Detection of Correlated Random Vectors
This addresses a fundamental hypothesis testing problem in statistics and information theory, with potential applications in signal processing and data analysis, though it appears incremental in extending to multi-dimensional generalizations.
The paper tackles the problem of detecting correlation between two standard normal random vectors, analyzing thresholds for optimal testing as a function of vector dimension and correlation strength, and finds information-theoretic limits with a novel technique revealing connections to integer partition functions.

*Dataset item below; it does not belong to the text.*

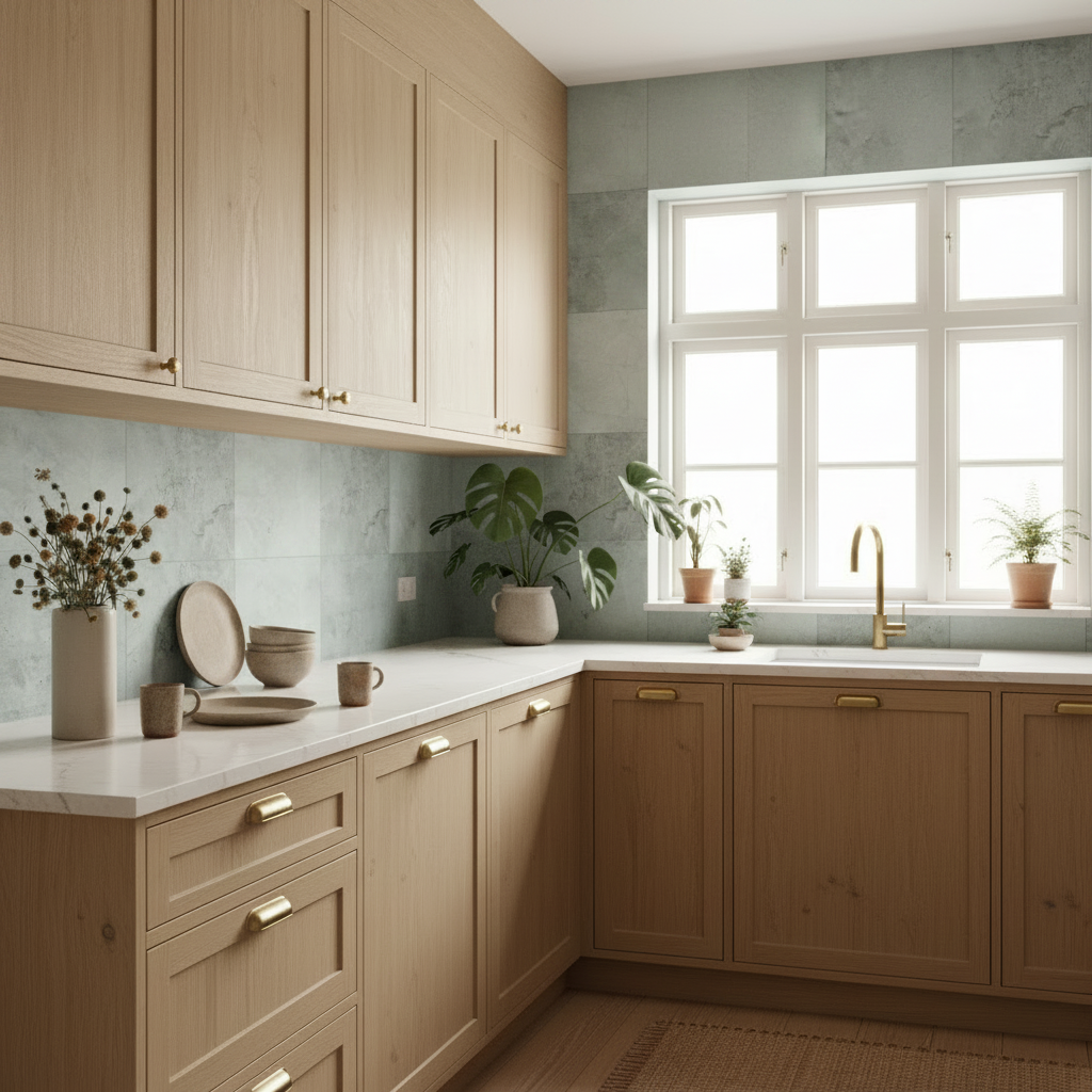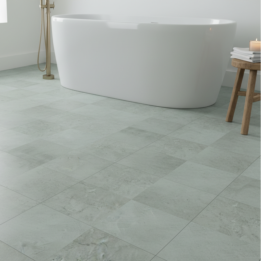 Flisene måler 40 x 40 cm og egner seg godt på både gulv og vegg. De passer spesielt fint på bad, i dusjsoner, på vaskerom eller som backsplash på kjøkkenet der du ønsker et rolig uttrykk med mer personlighet. Den myke turkise tonen gjør det enkelt å skape en gjennomført flate som føles lysere, friskere og mer dekorativ.

In this paper, we investigate the problem of deciding whether two standard normal random vectors $\mathsf{X}\in\mathbb{R}^{n}$ and $\mathsf{Y}\in\mathbb{R}^{n}$ are correlated or not. This is formulated as a hypothesis testing problem, where under the null hypothesis, these vectors are statistically independent, while under the alternative, $\mathsf{X}$ and a randomly and uniformly permuted version of $\mathsf{Y}$, are correlated with correlation $ρ$. We analyze the thresholds at which optimal testing is information-theoretically impossible and possible, as a function of $n$ and $ρ$. To derive our information-theoretic lower bounds, we develop a novel technique for evaluating the second moment of the likelihood ratio using an orthogonal polynomials expansion, which among other things, reveals a surprising connection to integer partition functions. We also study a multi-dimensional generalization of the above setting, where rather than two vectors we observe two databases/matrices, and furthermore allow for partial correlations between these two.